Detection of bidirectional promoter-derived lncRNAs from small-scale samples using pre-amplification-free directional RNA-seq method

Development of high-throughput sequencing technologies has uncovered the immensity of the long noncoding RNA (lncRNA) world. Divergently transcribed lncRNAs from bidirectional gene promoters, called promoter-associated noncoding RNAs (pancRNAs), account for ~20% of the total number of lncRNAs, and this major fraction is involved in many biological processes, such as development and cancer formation.

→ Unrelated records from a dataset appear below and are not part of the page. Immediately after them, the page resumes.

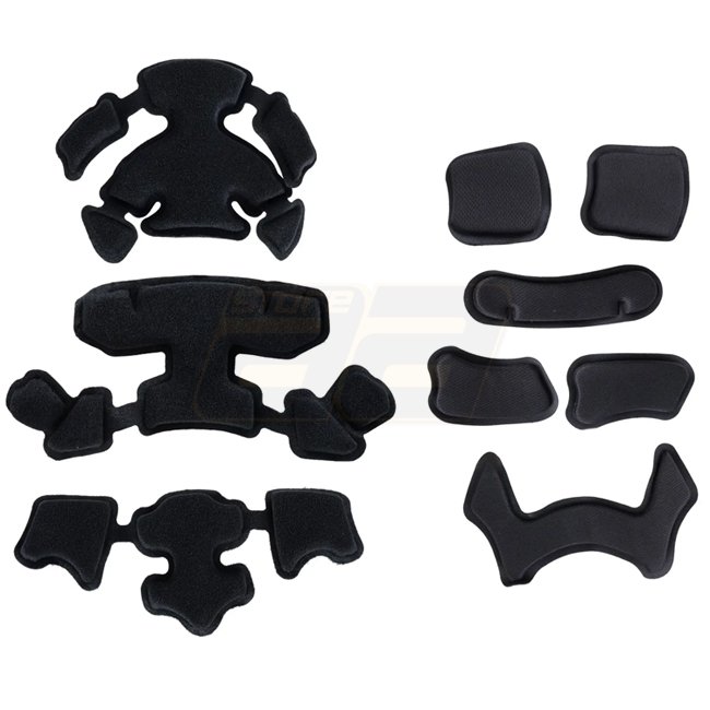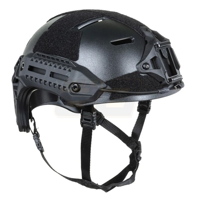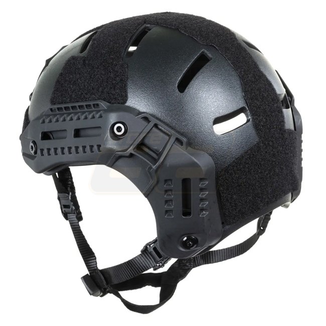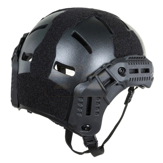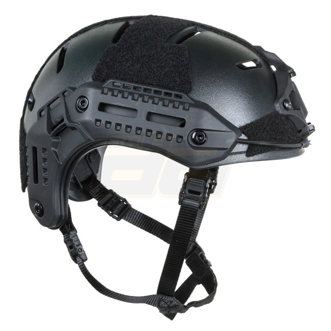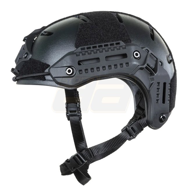 The Wosport MK HL‑104 training‑version replica helmet features an ABS‑nylon shell with a rough matte finish to minimize glare and ventilation ports. It includes nine Velcro‑attached cushions inside for a secure and comfortable fit. Accessory rails on the sides and NVG mount in front are included, along with large Velcro areas for patches or markers. The 4‑point chin strap comes with a padding at the chin; extraction cables are also supplied.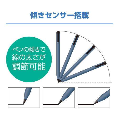 4段階の傾きセンサー搭載で、ペンの角度に合わせて線の太さが変わります。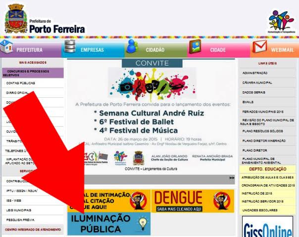 Basta acessar o endereço do site oficial – www.portoferreira.sp.gov.br – e abaixo da foto principal que fica no meio da página há um pequeno retângulo azul claro, onde está escrito em preto “ILUMINAÇÃO PÚBLICA”.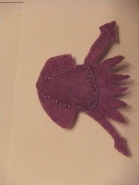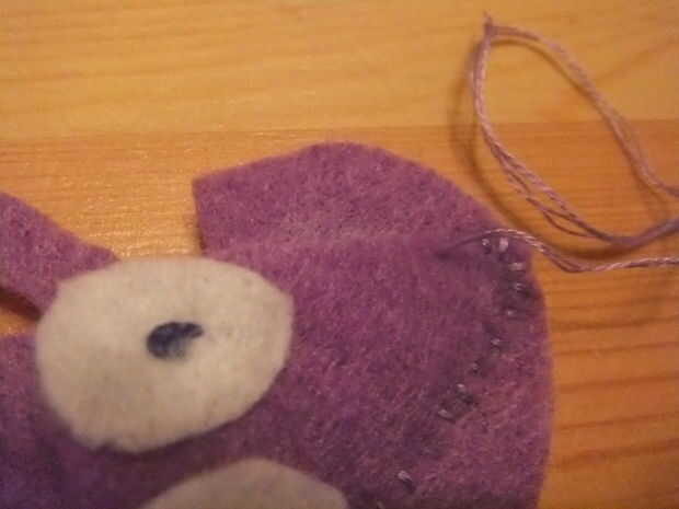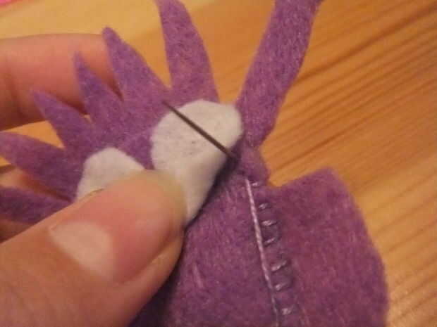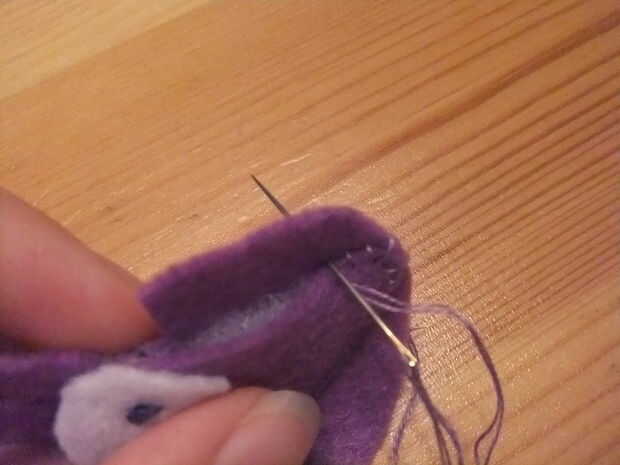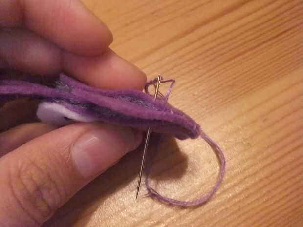 Con whipstitch, coser su sándwich de calamar! Siga el borde de los triángulos.

Recently, we have found that the pancRNAs activate their partner genes, as represented by the fact that pancIl17d, a pancRNA that is transcribed from the antisense strand of the promoter region of Interleukin 17d (Il17d) at the onset of zygotic gene activation (ZGA), is essential for mouse preimplantation development through Il17d upregulation. The discovery of the expression of a specific set of pancRNAs during ZGA was achieved by using a method that generates directional RNA-seq libraries from small-scale samples. Although there are several methods available for small-scale samples, most of them require a pre-amplification procedure that frequently generates some amplification biases toward a subset of transcripts. We provide here a highly sensitive and reproducible method based on the preparation of directional RNA-seq libraries from as little as 100 mouse oocytes or embryos without pre-amplification for the quantification of lncRNAs as well as mRNAs.